この春から、中国を縦断する長い旅に出る落語家の入船亭遊京(28)。
一筆書きの片道切符で、中国を回る。以前から決まっていた落語会のために仕方なく、一度、仕事で帰国するが、再び中国へ。旅の終わりは5月のはじめの予定で、2カ月間の旅となる。
当然、危険も伴う。
学士会落語会
「今しか行けない。楽しみと不安ですが、今は楽しみのほうが勝ってきている。この旅で、人間が面白くなるかな。旅でのネタも取りに行く」と、とても貪欲だ。
今、高座のまくらで中国語の勉強をしていることをネタにして、その発音をやってみせ、大爆笑だ。
どこからネタなのか、どこまでが本当のことなのか分からないままで笑ってしまう。
遊京の天然が客の笑いを誘う。

入船亭遊京さん
「高校生だったか、中学生だったかのころ、図書館で、(古今亭)志ん朝師匠の『お見立て』のCDを聴いて、きれいな日本語だなと思った」のが、落語に興味を持ち始めた最初だった。京大に進学して、農業系の会社に就職を考えていたが、大学時代に、落語にどっぷりとつかって、落語家への道を諦めきれずに、大好きだった入船亭扇遊に入門した。
母親には猛反対された。
見習い、前座と苦しい時代が続いた。
「クビになりそうなことは何度かあった。ボーッとしているので。見た目とギャップがあり、要領が悪い」
そこが天然の笑いを誘うことになる。入門して、京大卒ということを「師匠は出さないほうがいいという考えだったが、大師匠は出したほうがいいということだった」という。

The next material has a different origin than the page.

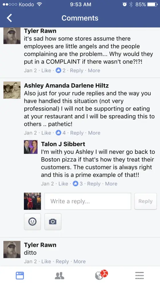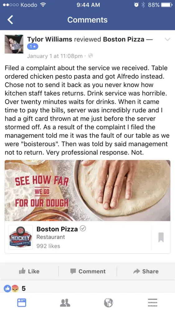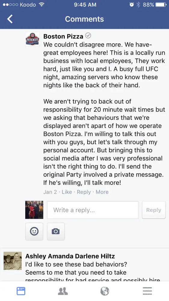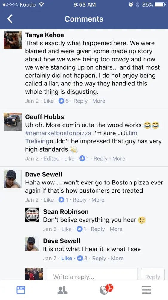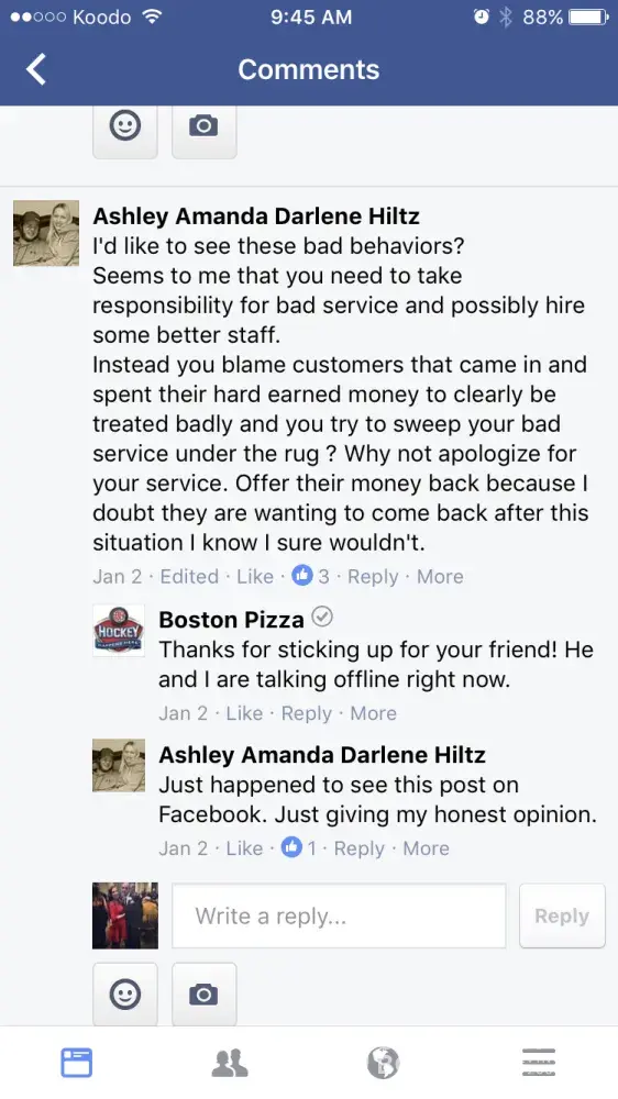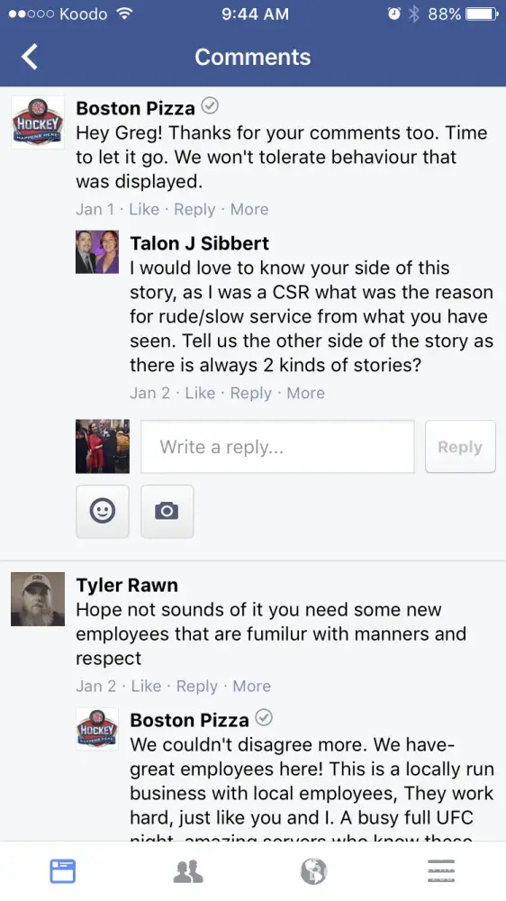 Boston pizza employees being rude over Facebook due to people complaining about the service and food they received. The restaurant kick the people out when they are confronted of their rude and slow services, and try to blame it on the customer. We pay our hard earned money to eat there. And sorry, majority of us don't have time to 'stand on the tables' we have children to watch. Unfortunately this isn't the first time they've blamed customers. I would suggest checking video footage for future reference. It needs to be looked into and something needs to be done.

それで、「師匠がそういうんだったら」と、前座時代は、ゆう京で、二ツ目になって、遊京となった。
落語家にとって学歴はプラスかマイナスか。 
「プラスの面は、大学の先輩がお客さんで来てくれたこと。マイナス面は、そういう目で見られること。良い大学ということで、厭がる人もいる。今では自分では言わない」と、遊京は決めている。自分が自分がというように、表には出さない。
その穏やかな高座や自然体の噺が遊京の魅力でもある。
「師匠(扇遊)のように、歯切れがよくて、気持ちが良い落語」を目指す。
今、遊京の悩みの種は、引っ越しをするかどうか。アパートの隣の人が、昼間居るので、大きな声で噺の稽古ができない。外に出て、歩きながら稽古をしている。
「それでも、日当たりが良いので、どうしようか」と、悩んでいる。
自身のことを「要領が悪く、ぱっぱっとできない」と、分析する。高座を見ていると、「欲がない」ような、素直そのもの。そこが遊京の魅力でもある。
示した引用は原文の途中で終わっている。